It seems the E project has given the impression that cryptographic capabilities are necessarily based on public key cryptography. Indeed, it has been claimed that the security properties of capabilities can only be understood in terms of their mapping to public key constructs + the security properties of these public key constructs themselves.

To demonstrate the independence of capabilities from public key, here is the outline of a protocol for distributed cryptographic capabilities, with the capability security properties defined here, but implemented using only single key cryptography with no centrally trusted party of any sort. This protocol may be impractical for various non-security engineering reasons (implicit storage obligations vs garbage collection, handling of race conditions, support for off-line capabilities, etc), but it is security-equivalent to the PK-based protocol, Pluribus, we present in the above paper and here. A practical version of the following single-key protocol may be derivable from the following sketch.

Because it is a single key variant of Pluribus, and in fond memory of the PDP-11, we name this protocol Unibus.
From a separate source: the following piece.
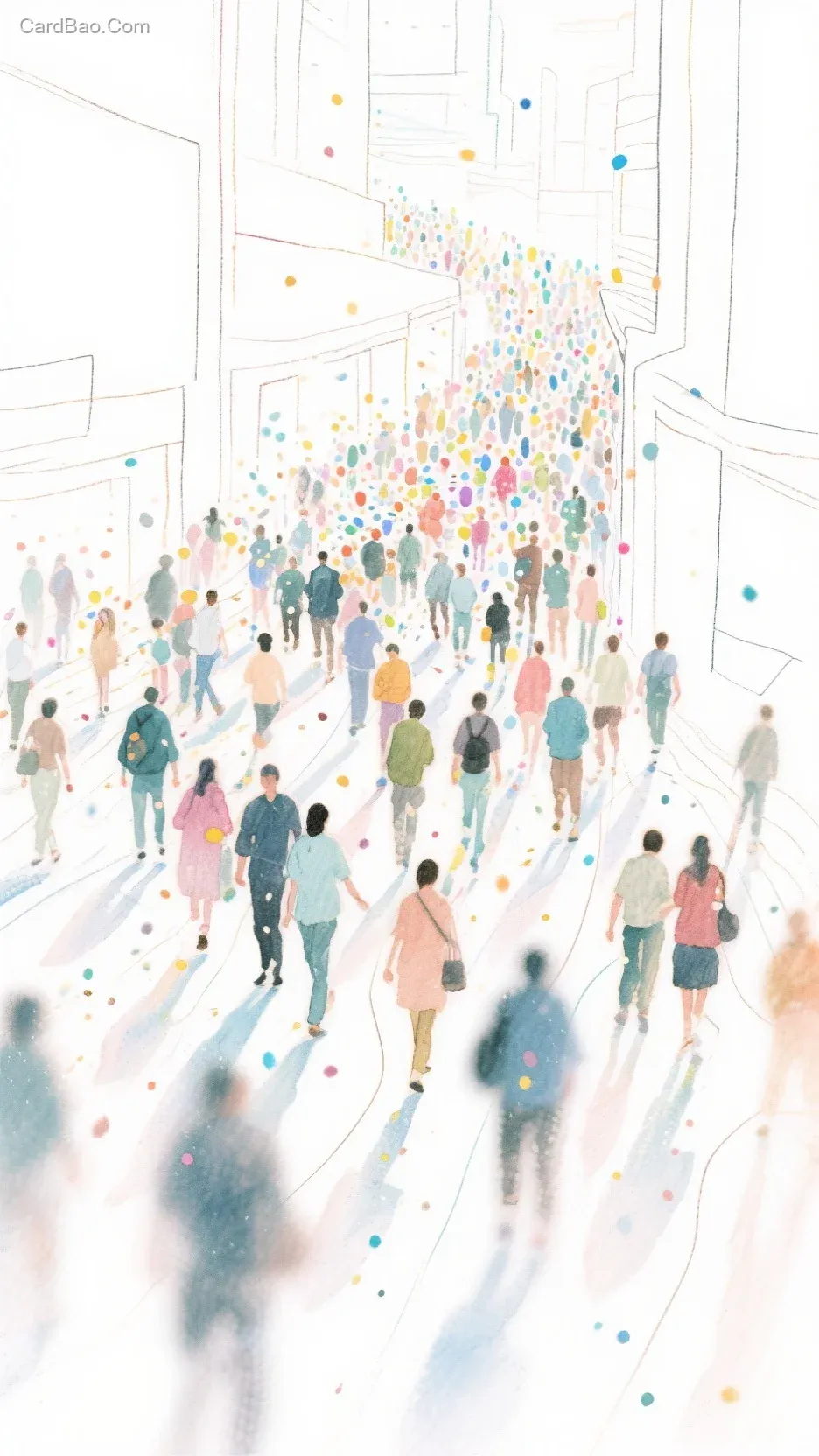 Using watercolor lines to outline the dynamic contours of the crowd, the colors are blurred and interwoven in a stream-of-consciousness style, conveying the hustle and bustle of the city. A minimalist approach simplifies the forms of the crowd, highlighting their sense of movement. Particle pointillism transforms into emotional light spots within the crowd, flickering and transmitting, presenting the concept of "Urban Emotions in Motion: Watercolor Lines of Crowd Dynamics + Stream-of-Consciousness Color Blurring + Minimalist Crowd Movement + Flickering Emotional Light Spots of Particle Pointillism," showcasing the vitality and emotions within urban human life.

Supporting Only Pure Capabilities

Let's talk the protocol through using the same diagram we use to talk through Pluribus:

Distributed Shortening Granovetter

Once again, we are concerned with inductive correctness, so assume there is already a secure connection set up between VatA and VatB, as well as one between VatA and VatC. But not yet between VatB and VatC. Following the methodology of inductive correctness, these connections have the same security properties as the connection we will forge between VatB and VatC.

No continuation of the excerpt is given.